In pardoning a passel of well-connected friends and white-collar criminals this week, Trump apparently ignored any kind of Justice Department review of commutation requests that usually start with the question of remorse. No, when former Illinois Gov. Rod Blagojevich emerged from eight years of prison for trying to sell Barack Obama’s former Senate seat, both Blagojevich and Trump insisted that there had been no crime in the first place.

I’m bothered again by the lack of judgment in recognizing what constitutes a crime, of course, but almost more so by the failure to say Sorry.

Trump has been unable to say he is sorry for anything that led to his impeachment, just as he has been insistent that he never paid off women for extramarital sex, for allegations of sexual assault, for fraudulent business practices, for policies that pollute our air and water and that grab children from the arms of migrant parents. It is all of a piece, for him; personal acts, business decisions, abuse of governmental office is all within bounds if the actions and effects advance his personal goals.

In a sense, it is why the Bloomberg debate presentations were so troubling — not because he was a stiff, aloof, condescending figure to the other candidates on stage. No, the problem was whether he knew how to be humble, to acknowledge wrongdoings towards women and black New Yorkers, or non-doing in the case of his taxes, and to make public amends in a manner that would prove believable.

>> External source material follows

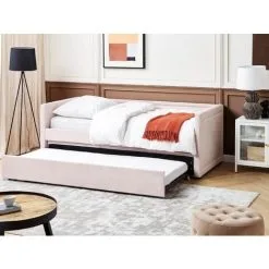 Beliani Modern Fabric EU Single Trundle Bed Frame Nailhead Trim 3ft Pink Mimizan

I’m troubled that Bernie Sanders can’t effectively acknowledge and apologize for brutish political behavior by his staff (though now perhaps he can blame interfering Russians) , or that Sen. Amy Klobuchar can’t really tell her staff she is sorry for throwing things in her office, Mayor Pete for trying to ridicule his opponents in supercilious ways, or, famously, that Joe Biden can’t just see what seems obvious to everyone else, that his son, Hunter, had no business signing on to a Ukrainian energy company no-show board job while he was vice president and working on Ukrainian policy.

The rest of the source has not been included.